Jakob Lomme aus Weeze am 5. Dezember 1976 an Heinrich Kleinen[2] in Uedem:
Ich kam mit Karl Leisner aus Kleve auf dasselbe Zimmer und hatte Gelegenheit, ihn aus der Nähe zu beobachten. […] Auch die meditative Form des Betens lag ihm. Nach dem Vor­trag des Spi­rituals (P. Bernardin) blieb er, in Gebet und Betrach­tung versunken, häufiger auf seinem Platz zurück und verließ dann nicht selten als letzter die Kapelle.

Karl Leisners Tagebücher geben Zeugnis davon, wieviel Geistliche Impulse er von Pater Bernardin bekommen hat.

[1]    Jakob Lomme (* 3.10.1914 in Walbeck, † 24.3.1997) – Eintritt ins Collegium Borromaeum in Münster 1.5.1934 – anfangs Zimmergenosse von Karl Leisner – Priesterweihe 23.9.1939 in Münster – Kaplan in Rheurdt St.
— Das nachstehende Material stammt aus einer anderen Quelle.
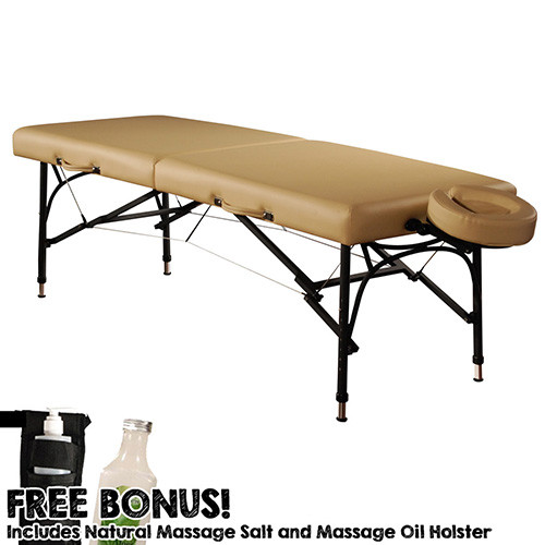 BONUS! Includes 10.5oz bottle of Royal Massage Natural Mineral Massage Scrubbing Salt and Royal Massage Single Massage Oil Holster.Highly rigid light weight aluminum alloy leg frame. Finger-joint craftsmanship reinforced11-layer plywood frame. 2.5'' thick 3-layer CloudySoft Sponge System. Environmental Skin-touch PU upholstery in 5 colors. AutoHold hinge system with incredible strength that no piano hinge can match Unsurpassed stability and EasyPush button for height adjustment. Headrest outlets on both ends. 5 year limited warranty. Package includes: Violet massage table, ErgoCaptain face cradle, Standard face cushion and standard single pocket carrying case.

Nikolaus 17.4.1940 bis 1943 – Militärdienst 1943–1945 – Pfarrer in Weeze 1960–1988

[2]    Heinrich Kleinen (* 27.8.1914 in Duis­burg-Hamborn, † 10.2.2004 in Goch) – Eintritt ins Collegium Borromaeum in Münster 1.5.1934 – Priester­weihe 23.9.1939 in Mün­ster – Ka­plan in Kleve Christus König 1948–1954 – Pfarrer in Uedem 1961–1986 – Erster Vorsit­zender des IKLK 1975–1987 – Im Martyrerprozeß für Karl Leisner hat er 1990 als Zeuge ausgesagt.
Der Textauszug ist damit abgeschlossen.